I'm fine. Still w/o heat or electric, though I do have gas to the stove burners. I feel like a squatter, camped out in my kitchen in three layers of clothing; but a neighbor ran an extension cord through a window, enough to power a small space heater and 60W lamp, and I keep spaghetti pots of water simmering on the stove all day. Many in our little rivertown are in this situation. Stores are still out. A service station was devastated. Our mail is being handled by a neighboring town. The bank is still closed. But things could be worse. (Did you see pictures of Staten Island?)
The power company seems to have done what it needs to do re power lines and all, now waiting for the okay from building inspectors re what homeowners/landlords need to do ~ get literally everything cleared out of basements and for some, first floors (where some had water to four feet) ~ you should see the stuff that's still daily carted away! ~ to have everything professionally power-washed and new appliances ordered, installed, and and electrical work inspected. (Everything "by the book" this time.) Some are waiting for loan approvals.
We're used to some basement flooding w/a certain confluence of events: Nor'easter, full moon, & high tide. I'd initially planned to stay, glad in the end I went to a friend's house inland some. That day, our town had already begun to flood... and it was still *low* tide, and the storm wasn't due to hit for hours yet... the flooding "just" from that tidal surge. Yikes! As it was, two of the roads out of town were already impassable.

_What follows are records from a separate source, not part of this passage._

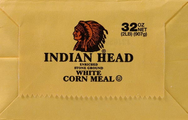 - Enriched. Family owned and operated since 1913. Indian Head enriched stone ground white corn meal is ground – slowly – on old fashioned stone buhrs, from whole kernels of plump white corn. It is never overheated. The heart or germ of the corn, so rich and wholesome in natural oils and vitamins, is ground right into your meal so that it retains all of its full flavor-goodness. A Washington product. Product of USA.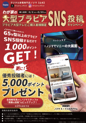 株式会社ノジマ(神奈川県横浜市 代表執行役社長 野島廣司 以下「ノジマ」といいます)は、ノジマでSONYの65型以上のテレビをご購入いただき、SNSで「#ノジマでソニーの大画面」とともに写真を投稿していただいたお客様に、ノジマポイント1,000円分をプレゼントするキャンペーンを実施いたします。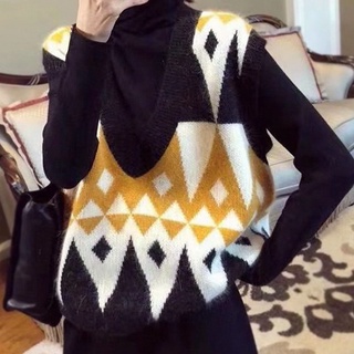 Áo Len Không Tay Họa Tiết Kim Cương Phong Cách Hàn Quốc 206238 Áo Sweater Sát Nách Dáng Rộng Thời Trang Mùa Thu Trẻ Trung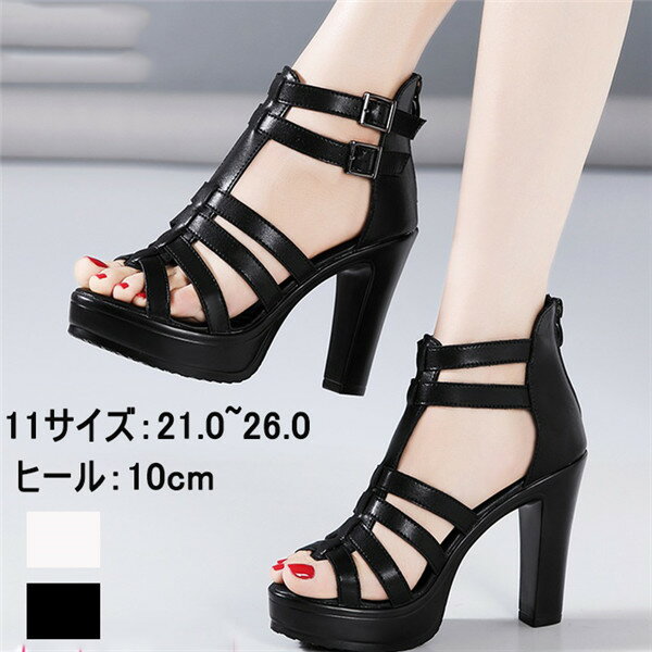 12サイズ サンダル レディース 厚底 太ヒール ベルト グラディエーター 大きいサイズ コンフォートサンダル 厚底サンダル ハイヒール ストーム ヒール10センチ 着心地よい 小さいサイズ 靴 女性 大人 ブラック ホワイト
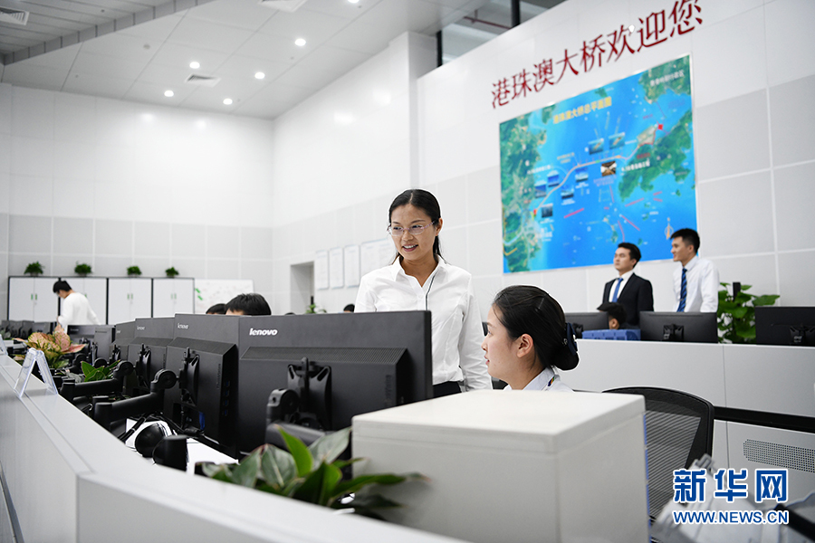 港珠澳大橋管理局營(yíng)運(yùn)管理部部長(zhǎng)江曉霞(中間站立者)在調(diào)度中心查看大橋車輛通行情況(10月24日攝)。新華社記者梁旭攝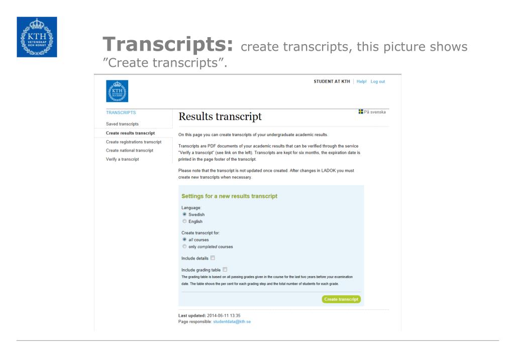 Ladokon the Web services for students-to be found in the personal menu on www.kth.se Somescreenshots June 2014, VoS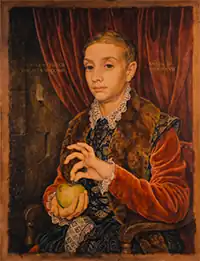 Boy with Apple is a 2012 painting by British artist Michael Taylor, and a fictional painting of the same name (attributed to the fictional "Johannes Van Hoytl the Younger") depicted in the 2014 Wes Anderson film The Grand Budapest Hotel, for which the work was commissioned as a prop. The portrait depicts a boy clad in Renaissance-style garb holding a green apple while pinching the stem.[1] Ed Munro, a dancer from London, was the model for the portrait.[2]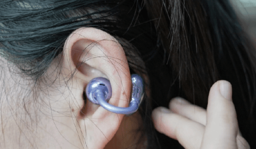 3.佩戴门槛更低:你只要找准耳廓凸起的位置夹好就行,不用根据耳道大小挑选耳塞尺寸,特别适合耳廓偏小、耳道狭窄或者不习惯入耳式佩戴的人。

I'd have been freaking out to have my one-story home entirely surrounded by the Hudson, with water rising to mere inches below the first floor and with our town's three marinas' worth of boats and logs and parts of outbuildings and piers and all sorts of debris crashing all over the place. Boats were torn off moorings (or lifted off dry docks) and went sailing around on their own, landing in people's yards, dozens landing in the road. I returned to find a sailboat where my deck stairs used to be, leaning against the little house less than a foot from a picture window. (The deck railing is all full of dings.) Hey, that boat and seven others piled up near it did not come *through* the deck, wall, or window. (Maybe because I walked the periphery before I left and prayed over my home?) Truly, the aftermath looked surreal.
This? Lifelong residents here never saw anything like it before.(For various reasons, I remain suspicious!) Truly, so many were taken off guard. But in getting people evacuated as necessary as the storm progressed (in a bucket at one point) and providing food and shelter for some for days, our volunteer fire department was terrific! And in handling this enormous cleanup, our DPW workers are the best!
It's 41 degrees at the moment, 51 in the house. The only thing we could use here in the Hudson Valley is a couple of nice, warm days! Seeing as this is now going on Week Three, the learning lesson for me was that, really, I was not prepared. And as I mentioned at the "Have a good day" post, it did make me realize how much I take for granted. My prayers go out to those who lost their homes or remain evacuated, and the families who lost loved ones. Thanks again for your concern, deacon. :)
When we try to pick out anything by itself, we find it hitched to everything else in the Universe.